In the 1910s, Freud wrote a series of twelve essays, to be collected as Preliminaries to a Metapsychology. Five of these were published independently under the titles: "Instincts and Their Vicissitudes," "Repression," "The Unconscious," "A Metapsychological Supplement to the Theory of Dreams," and "Mourning and Melancholia." The remaining seven remained unpublished, an expression of Freud's ambivalence about his own attempts to articulate the whole of his vision of psychoanalysis. In 1919 he wrote to Lou Andreas-Salome, "Where is my Metapsychology? In the first place it remains unwritten". In 1920 he published Beyond the Pleasure Principle, a text with metaphysical ambitions.

Midcentury psychoanalyst David Rapaport defined the term thus: "Books on psychoanalysis usually deal with its clinical theory... there exists, however, a fragmentary—yet consistent—general theory of psychoanalysis, which comprises the premises of the special (clinical) theory, the concepts built on it, and the generalizations derived from it... named metapsychology."

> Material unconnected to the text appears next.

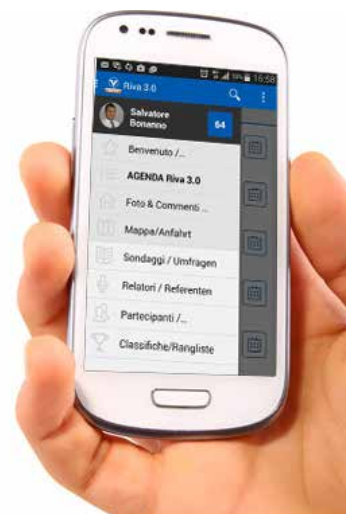
Die Startseite der App: Interaktiver Zugang für Mitarbeiter zu allen Informationen und Diskussionen auf dem Handy

Innovativ war ebenso der Ansatz, die Großveranstaltung mit mehr als 200 Teilnehmern komplett „papierlos“ zu planen: Die Führungskräfte arbeiteten in Tischgruppen zu jeweils sechs bis acht Personen und erhielten während des Tages alle Gruppenaufgaben über die App. Die Diskussionsergebnisse, Beiträge und Fragen der Gruppen wurden nicht auf Karten oder Flipcharts festgehalten, sondern mithilfe von Tablet oder Handy dokumentiert und hochgeladen. So waren die Stellungnahmen der einzelnen Gruppen sofort für alle sichtbar und konnten kommentiert werden. Die Ergebnisse spontaner Meinungsumfragen wurden regelmäßig über Beamer an die Wand projiziert und das Management nahm dazu Stellung. Dadurch entstand ein sehr dynamischer und offener Austausch – ganz ökologisch ohne Papier. Während das Unternehmen früher üblicherweise Veranstaltungsmappen mit allen Informationen und Gruppenaufträgen gedruckt hatte, sparte es sich diesmal tausende Seiten Kopien und hatte sofort eine Dokumentation in Echtzeit. Diese Innovation fand auch unter den Teilnehmern große Zustimmung. Sogar anfängliche Skeptiker der App schätzten die Flexibilität, die laufende Aktualisierung und die Interaktion mit den Kollegen. Auch nach der Fusionsvorbereitung wurde der virtuelle Dialog im Unternehmen intensiv fortgesetzt und zum festen Bestandteil der internen Kommunikation zwischen der Geschäftsleitung und den Mitarbeitern.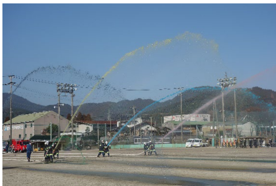
（昨年度の五色放水の様子）

==Freud's metapsychology==
1. The topographical point of view: the psyche operates at different levels of consciousness – unconscious, preconscious, and conscious
2. The dynamic point of view: the notion that there are psychological forces which may conflict with one another at work in the psyche
3. The economic point of view: the psyche contains charges of energy which are transferred from one element of the psyche to another
4. The structural point of view: the psyche consists of configurations of psychological processes which operate in different ways and reveal different rates of change – the ego, the id, and the superego
5. The genetic point of view: the origins – or "genesis" – of psychological processes can be found in developmentally previous psychological processes

Ego psychologist Heinz Hartmann also added 'the adaptive" point of view' to Freud's metapsychology, although Lacan who interpreted metapsychology as the symbolic, the Real, and the imaginary, said "the dimension discovered by analysis is the opposite of anything which progresses through adaptation."

==Criticism==
Freud's metapsychology has faced criticism, mainly from ego psychology. Object relations theorists, such as Melanie Klein, shifted the focus away from intrapsychic conflicts and towards the dynamics of interpersonal relationships, leading to a unifocal theory of development that focused on the mother-child relationship. Most ego psychologists saw the structural point of view, Freud's latest metapsychology, as the most important. Some proposed that only the structural point of view be kept in metapsychology, because the topographical point of view made an unnecessary distinction between the unconscious and the preconscious (Arlow & Brenner) and because the economic point of view was viewed as redundant (Gill).